# My heart rat is gone far too soon



## moonkissed

On Tuesday I lost my mostest ever heart rat, Khaleesi. She was the best rat anyone could ever imagine. She was beautiful and special. She was an amazing mom! So friendly, she loved people and loved being the center of attention. She was insanely smart & would show me every thing I did wrong rat proofing lol

I loved her so much & going to miss her so deeply. 



















I buried her in a large pot with flowers. I also planted some milkweed & wild flower seeds to attract butterflies when they grow. I own my house but do not have a super large yard and have dogs that like to dig. I've seen lots of people use pots & decided this was fitting for her. 


































The quote on the stone says: "We all come from the Goddess & to Her we will return, like a drop of rain flowing towards the ocean"
It is one of my favorite quotes.


----------



## RatAtat2693

moonkissed said:


> ...The quote on the stone says: "We all come from the Goddess & to Her we will return, like a drop of rain flowing towards the ocean"
> It is one of my favorite quotes.


I love it. So sorry for your loss.


----------



## Love My Rats

great idea so sorry for your loss


----------



## Gribouilli

So sorry for your loss. Very nice memorial. She wil live on in her offspring and your heart.


----------



## Ratloved

Awwwww, sorry for your loss, moonkissed. She looked like she was both beautiful and sweet.


----------



## moonkissed

Thank you everyone. It is so hard to lose them and she was definitely the hardest  



> So sorry for your loss. Very nice memorial. She wil live on in her offspring and your heart.


So selfish of me but I am glad I have her line still.

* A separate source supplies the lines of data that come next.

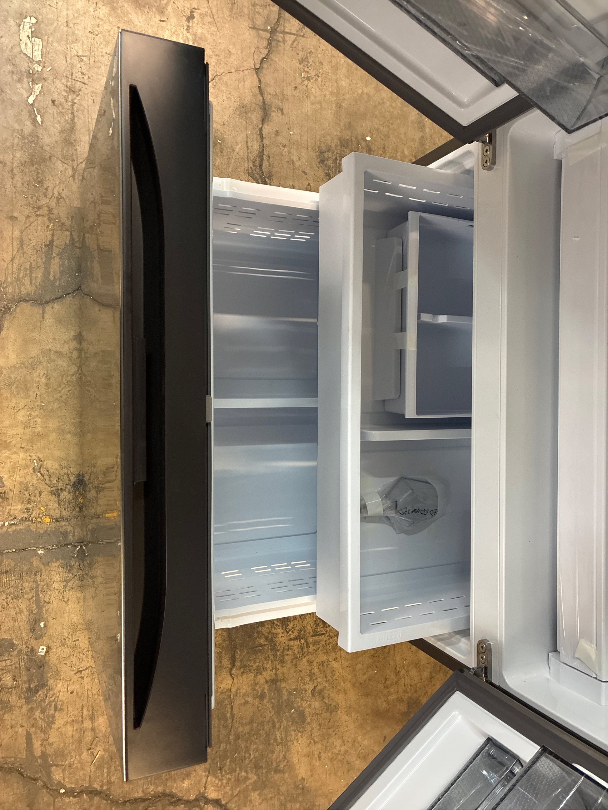Samsung Mega Capacity 4-Door French Door refrigerator with 30 cu. ft. Refrigerator comes with 4 types of ice and modern design. Store more groceries, including big and bulky items. The Dual Auto Ice Maker makes two types of ice - cubed or Ice Bites while the external dispenser offers two additional ice options, curved and crushed.. Appliance Category: Refrigerator. Appliance Series: Not Applicable. Appliance Type: French Door Refrigerator. Built-In and Standard Type: French Door. Color - Appliance Cabinet: Black. Color - Door Handle(s): Stainless Steel. Color/Finish: Stainless Steel. Color/Finish Family: Stainless Steel. Defrost Type: Auto / Cycle. Dispenser Location: External Ice Dispenser,External Water Dispenser. Door Finish: Smooth. Energy Consumption (kWh/year): 786. Energy Efficiency Tier Rating: Not CEE rated. Freezer Capacity (cu. ft.): 9.2 cu ft. Freezer Door Type: Pull Out Drawer. Freezer Features: No Additional Features. Freezer Type: Drawer Freezer. General Features: Door Alarm,LED Light Type. Handle Type: Bar Handle. Hardware Color/Finish: Stainless Steel. Hardware Color/Finish Family: Stainless Steel. Ice Maker Features: Ice Maker,Removable Basket. Ice/Water Dispenser: Both. Indoor/Outdoor: Indoor. Installation Depth: Standard Depth. Installation Type: Free Standing. Number of Doors: 3 Door. Number of Drawers: Single Drawer. Number of Freezer Baskets/Bins: 1 Basket/Bin. Number of Freezer Shelves: No Shelves. Number of Refrigerator Shelves: 4 Shelves. Operational Features: No Additional Features. Power Options: Plug-in. Product Weight (lb.): 306 lb. Refrigeration Dispenser Features: Crushed Ice,Cubed Ice,Dual Ice Maker,Water Filtration. Refrigerator Capacity (cu. ft.): 21.3 cu ft. Remote Access: No Remote Access. Requires Hub?: No Hub Required. Returnable: Non-Returnable. Shelf Material - Freezer: No Shelf. Shelf Material - Refrigerator: Glass. Smart Home: Smart Home Enabled. Smart Home Protocol: Wi-Fi. Storage Features: Adjustable Door Storage,Adjustable Shelves/Racks. Temperature Control Type: Internal Digital. Total Capacity (cu. ft.): 30.5 cu ft. Voice Control Hub Required: No Voice Control. Water Filter Replacement Model#: HAF-QIN. Works With: Homey, Samsung SmartThings. Certifications and Listings: Energy Star. Depth (Excluding Handles) (in.): 33.875 in. Depth (Including Handles) (in.): 36.25 in. Depth (Less Door) (in.): 29.4375 in. Depth With Door Open 90 Degrees (in.): 44 in. Height to Top of Door Hinge (in.): 70 in. Height to Top of Refrigerator Case (in.): 68.875 in. Product Depth (in.): 36.25 in. Product Height (in.): 70 in. Product Width (in.): 35.75 in. Refrigerator Width (in.): 35.75 in. Installation Depth: Standard Depth. Total Capacity (cu. ft.): 30.5 cu ft. Height to Top (in.): 68.875 in. Ice Maker Features: Ice Maker. No of Doors: 3 Door. Dispenser Features: Cubed Ice. Depth (Excluding Handles) (in.): 33.875 in. Dispenser Features: Water Filtration
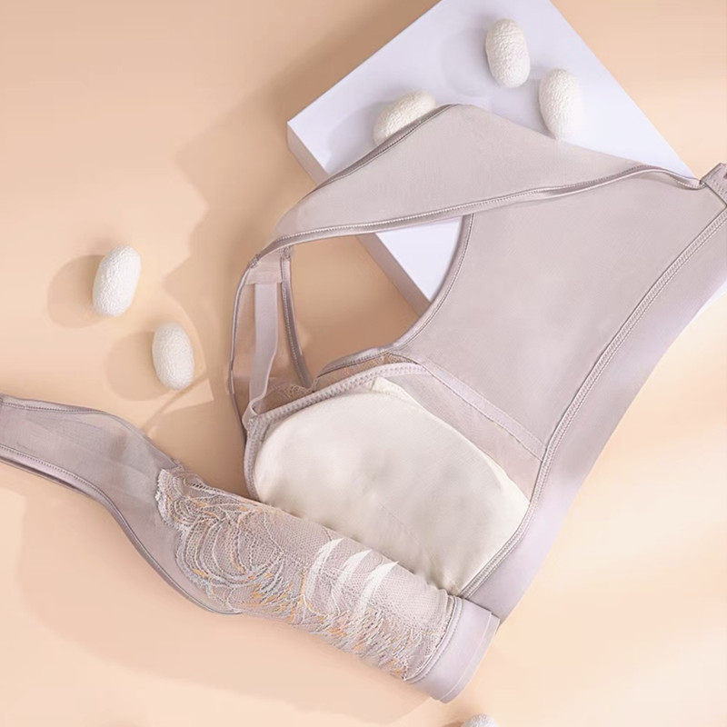 茜丝柔无钢圈文胸蚕丝乳胶聚拢上托内衣侧收副乳宽肩带内衣23808
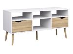 Pokud máte rádi Retro styl, pak je tato kolekce nábytku stvořena pro Vás. Nábytek je zhotoven z lamina o tl. 15 mm, které je odolné a snadné na údržbu. Díky rozmanitosti nabízených prvků, které kolekce Retro nabízí, si můžete sestavit obývací pokoj, jídelnu, ložnici, kancelář, nebo předsíň. TV stolek díky svému provední nabízí dostatek prostoru nejen pro televizi. Stolek je vybaven dvěmi zásuvkami, do kterých můžete uklidit např.ovladače, nabíjecí kabely či jiné drobnosti. Díky tomu budete mít doma přehledný a organizovaný pořádek. Retro vzhled zdůrazňují vysoké šikmé nožky a obloukové výřezy místo úchytek. Stolek nabízíme ve dvou barevných provedeních. Je dodáván v demontu a součástí je montážní plánek včetně všech potřebných spojovacích materiálů. Vyobrazené dekorace nejsou v ceně. Nábytek je dodáván z Dánska, proto doporučujeme ověřit dostupnost zboží.

One of her daughters, Meg is also my heart rat and I am so glad I have her. She doesn't have her mom's attitude, doesn't try to escape lol But is just heart melting sweet. One of her granddaughters is still a babe but I am like you have to be my heart rat too! lol Ok I can't control that but I am hoping she ends up being lol


----------



## Andromeda

What a pretty girl, and I love her name! <3 So sorry you had to lose her.  Their lives are too short.


----------



## MousE190

Ashes to ashes, a beautiful way to lay her to rest, sorry for your lost.


----------



## Kelsbels

So sorry for your loss *big hugs*


----------